A comment thread in another blog post included a woman bemoaning the fact that she couldn't find a midwife to work for free, that she was dirt poor broke and had to make the choice to birth in the hospital on Medi-Cal (she didn't mention the UC option). She says women need to have more options for midwifery care, for midwives to travel to those who need help and more ways to get what they need.
Every once in awhile, it's important to mention why midwives need money for their services.
As a midwife, I feel compelled to defend our need for payment. Doctors, the utility company, the grocery store and the insurance companies do not accept deferred or dismissed charges if we can’t afford them. If women don’t pay a midwife, we can’t pay our bills. Many midwives live hand to mouth, just as the women who utilize them do.

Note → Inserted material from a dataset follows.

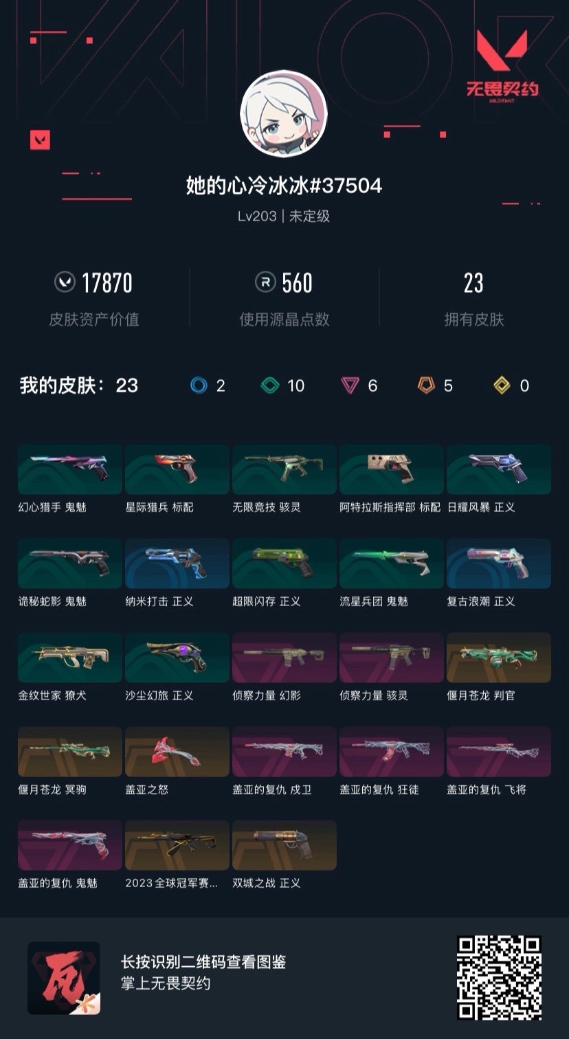 5橙皮 6紫皮 23皮肤 28英雄 102卡面 560已用源晶 未定级段位 极品小号带爆爆 【亮点皮肤】正义-双城之战狂徒-2023全球冠军赛 【套装】盖亚的复仇套装 【近战武器皮肤】盖亚之怒 【佩呛皮肤】鬼魅-盖亚的复仇 【冲锋呛皮肤】骇灵-侦察力量 【霰弹呛皮肤】判官-偃月苍龙 【步呛皮肤】狂

We’ve tried to be allowed to take MediCal (Medicaid) for a decade, but our government here in CA deems a CPM not qualified to do so unless we have a doctor to sign off on our charts -and the doctors’ insurance company will cancel their insurance if they sign off on our charts.
I have traveled as a midwife, but charge more for traveling costs plus living there during the end of pregnancy and the first week postpartum. In my case, I am almost double the cost of a local birth, so asking a midwife to come to you from afar for free would require the midwife to be independently wealthy to fund her faraway birth. By taking the distant client, she also closes off her opportunities to make money by clearing her local calendar which, in a typical midwife’s practice, would be 4-6 clients a month.

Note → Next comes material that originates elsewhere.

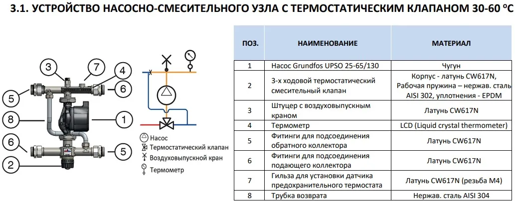Узел насосно-смесительный с насосом Grundfos UPSO 25-65 130 Stout SDG-0120-007001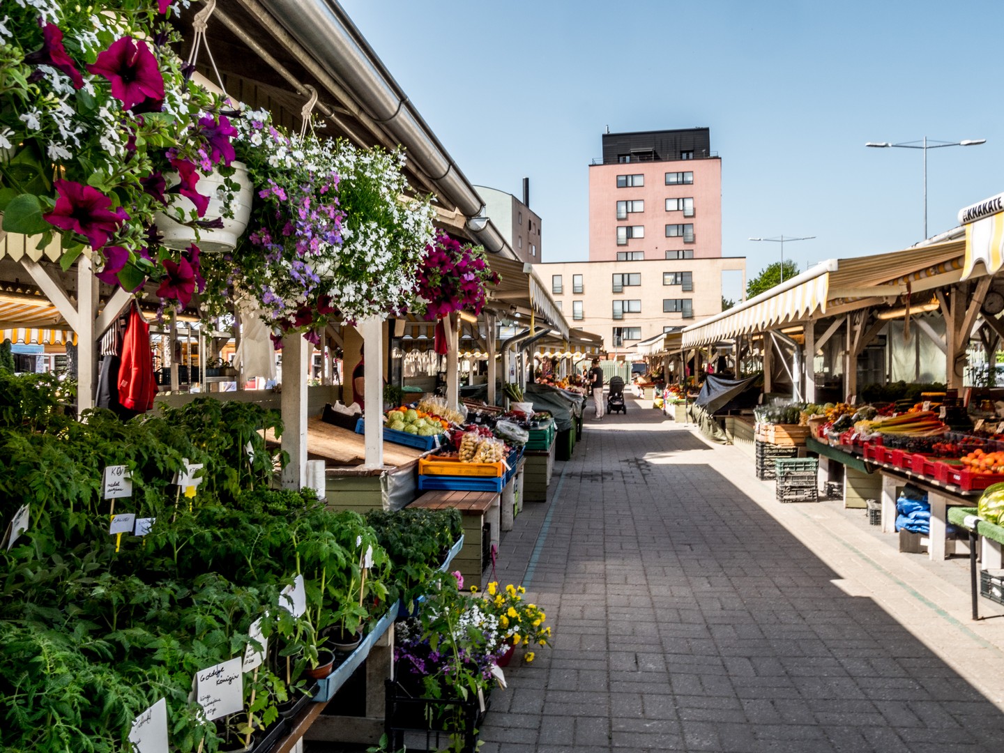 Le premier endroit que l’on vient visiter ici, c’est le marché. Le marché de Nõmme existe depuis 1908. Cela fait donc plus de 100 ans que les producteurs locaux viennent y vendre leurs fruits, légumes, herbes, viandes et poissons, leurs fleurs et plantes ornementales ou pour le potager. Ouvert du lundi au samedi, le jour de ma visite en pleine semaine, tout était d’un calme olympien mais il flottait dans l’air une odeur que je vais souvent retrouver à travers l’Estonie : celle de l’aneth, qu’on met à toutes les sauces (dans les chips, les soupes, les salades …)

I had my daughter UC 25 years ago because I couldn’t find a midwife to take me for no money and late in my pregnancy. It sucked and, having a serious complication, she could have died if EMS hadn’t gotten there quickly to help. I was indignant that midwives, who I’d previously thought were in a noble (read: giving all of themselves) profession yet could turn away someone in need. Once I started doing birth work myself, I realized childcare costs money, gas costs money, eating at the hospital costs money… and then, as a midwife… sutures, oxygen, instruments, on-going education, NRP re-training, CPR re-training and even our bi-annual license renewal costs money. It can be flippin’ expensive to be a midwife.
It is worth the personal cost. I am not whining. I am illuminating. I barter my care, I take payment plans, I take credit cards, I discount my care, but as I get older, I get braver to expect money for my extensive education and life-saving skills.
Our culture runs on money; shouldn’t my business, too?